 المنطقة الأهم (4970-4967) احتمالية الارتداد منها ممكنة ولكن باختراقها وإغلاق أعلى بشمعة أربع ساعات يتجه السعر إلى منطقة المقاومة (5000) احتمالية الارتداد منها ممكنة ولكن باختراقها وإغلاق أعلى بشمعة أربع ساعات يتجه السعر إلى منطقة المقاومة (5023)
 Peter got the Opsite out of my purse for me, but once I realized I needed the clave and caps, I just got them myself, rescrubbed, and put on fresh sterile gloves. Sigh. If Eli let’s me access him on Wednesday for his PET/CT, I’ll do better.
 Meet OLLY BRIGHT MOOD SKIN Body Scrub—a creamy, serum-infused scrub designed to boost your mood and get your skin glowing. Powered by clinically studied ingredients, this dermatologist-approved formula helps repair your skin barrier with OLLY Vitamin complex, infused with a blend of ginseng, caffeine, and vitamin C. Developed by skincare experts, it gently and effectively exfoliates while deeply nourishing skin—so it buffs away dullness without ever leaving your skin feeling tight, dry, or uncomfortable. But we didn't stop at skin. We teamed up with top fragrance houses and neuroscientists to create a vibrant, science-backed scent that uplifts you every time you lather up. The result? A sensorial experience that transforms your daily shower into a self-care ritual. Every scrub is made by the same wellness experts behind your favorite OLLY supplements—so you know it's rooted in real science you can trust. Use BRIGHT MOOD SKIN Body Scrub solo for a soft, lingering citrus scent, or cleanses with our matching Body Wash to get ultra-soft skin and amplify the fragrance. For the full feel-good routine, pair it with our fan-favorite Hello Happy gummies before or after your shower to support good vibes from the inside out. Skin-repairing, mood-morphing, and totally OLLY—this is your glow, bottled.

..............................

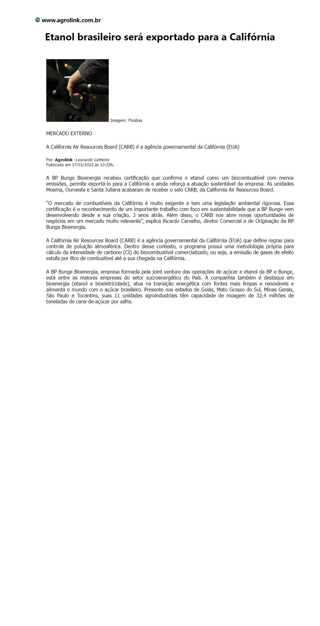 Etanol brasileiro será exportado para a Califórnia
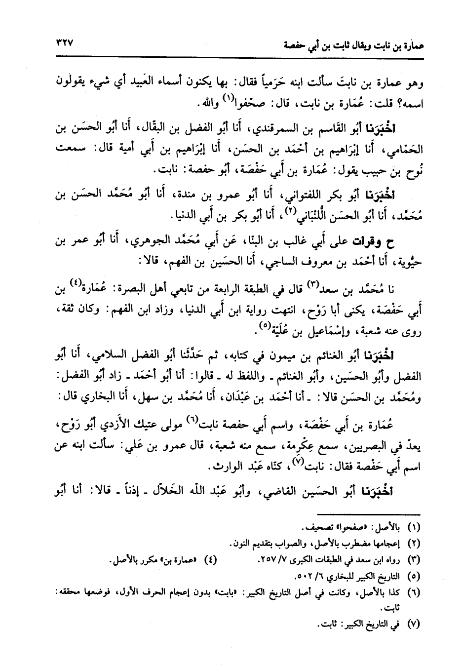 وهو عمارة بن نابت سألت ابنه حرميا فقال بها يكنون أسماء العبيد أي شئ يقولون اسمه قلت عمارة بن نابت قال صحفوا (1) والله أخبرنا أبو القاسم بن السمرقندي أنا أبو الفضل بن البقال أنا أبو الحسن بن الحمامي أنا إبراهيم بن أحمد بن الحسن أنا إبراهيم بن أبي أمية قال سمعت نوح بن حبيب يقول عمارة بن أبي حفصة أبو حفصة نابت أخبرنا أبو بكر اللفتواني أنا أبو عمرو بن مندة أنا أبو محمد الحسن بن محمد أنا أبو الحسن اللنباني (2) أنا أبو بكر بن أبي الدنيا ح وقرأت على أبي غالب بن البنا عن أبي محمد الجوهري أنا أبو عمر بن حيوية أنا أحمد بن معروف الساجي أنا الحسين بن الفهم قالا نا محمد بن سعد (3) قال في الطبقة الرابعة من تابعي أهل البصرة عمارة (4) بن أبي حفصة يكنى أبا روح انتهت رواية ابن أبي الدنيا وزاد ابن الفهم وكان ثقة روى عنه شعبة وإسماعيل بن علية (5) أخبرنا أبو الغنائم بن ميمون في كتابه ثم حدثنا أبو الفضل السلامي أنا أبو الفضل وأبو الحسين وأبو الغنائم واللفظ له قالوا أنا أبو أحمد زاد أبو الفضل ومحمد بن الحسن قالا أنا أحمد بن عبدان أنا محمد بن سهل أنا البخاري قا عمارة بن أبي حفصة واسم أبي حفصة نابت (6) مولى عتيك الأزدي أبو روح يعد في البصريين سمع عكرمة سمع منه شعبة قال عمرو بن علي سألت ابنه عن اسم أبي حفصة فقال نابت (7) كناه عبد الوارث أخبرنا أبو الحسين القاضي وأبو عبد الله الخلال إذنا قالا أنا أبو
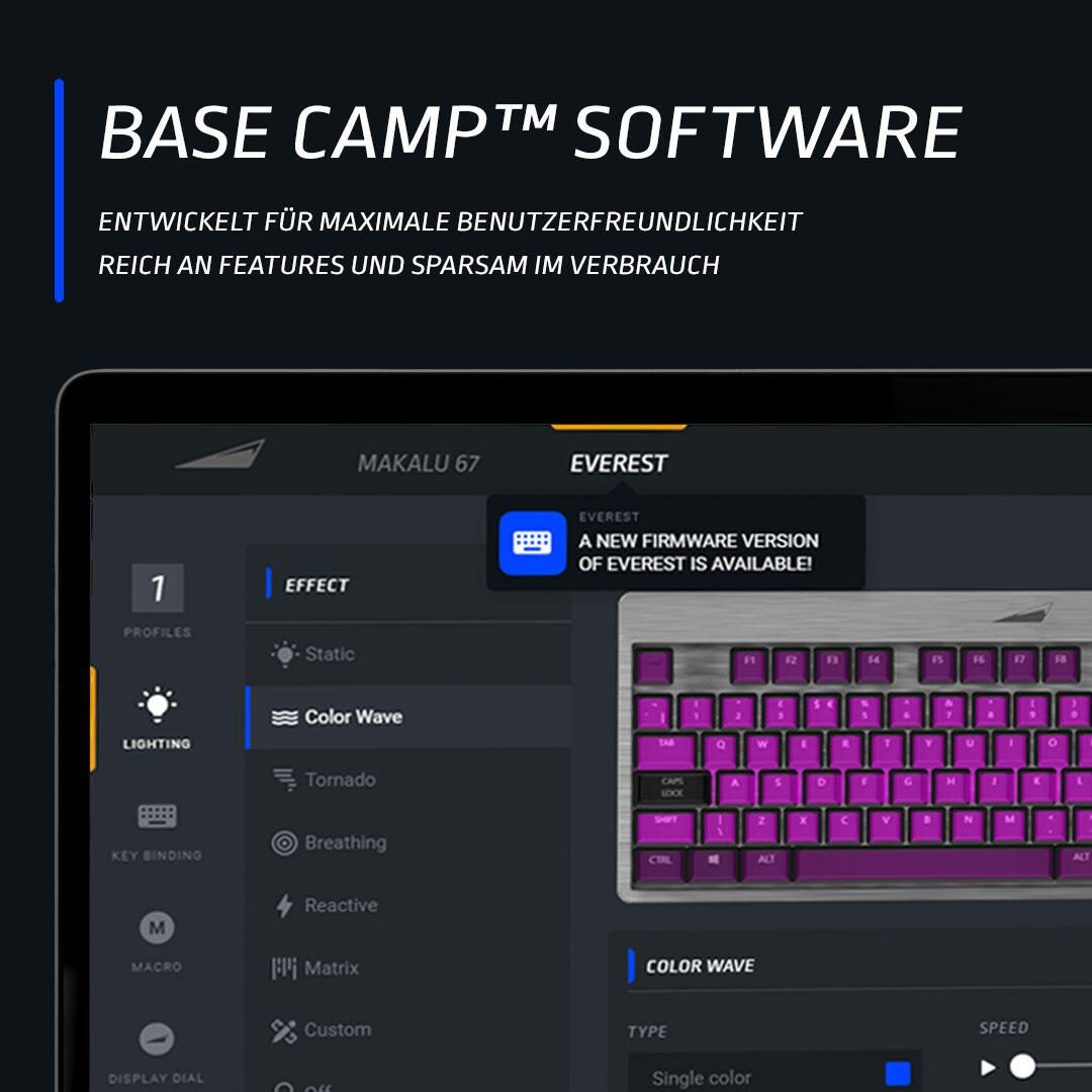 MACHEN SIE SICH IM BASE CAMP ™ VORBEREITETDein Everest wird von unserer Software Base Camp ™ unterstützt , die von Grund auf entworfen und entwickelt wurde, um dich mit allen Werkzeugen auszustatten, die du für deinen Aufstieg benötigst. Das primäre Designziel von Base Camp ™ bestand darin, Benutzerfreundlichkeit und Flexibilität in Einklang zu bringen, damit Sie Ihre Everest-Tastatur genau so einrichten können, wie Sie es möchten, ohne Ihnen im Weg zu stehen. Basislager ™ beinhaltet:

..............................

## What you need to do
Scan the listing above for the line that has "المنطقة الأهم (4970-4967)", then copy exactly from that line through the line that has "Peter got the".

## Result of this task
 المنطقة الأهم (4970-4967) احتمالية الارتداد منها ممكنة ولكن باختراقها وإغلاق أعلى بشمعة أربع ساعات يتجه السعر إلى منطقة المقاومة (5000) احتمالية الارتداد منها ممكنة ولكن باختراقها وإغلاق أعلى بشمعة أربع ساعات يتجه السعر إلى منطقة المقاومة (5023)
 Peter got the Opsite out of my purse for me, but once I realized I needed the clave and caps, I just got them myself, rescrubbed, and put on fresh sterile gloves. Sigh. If Eli let’s me access him on Wednesday for his PET/CT, I’ll do better.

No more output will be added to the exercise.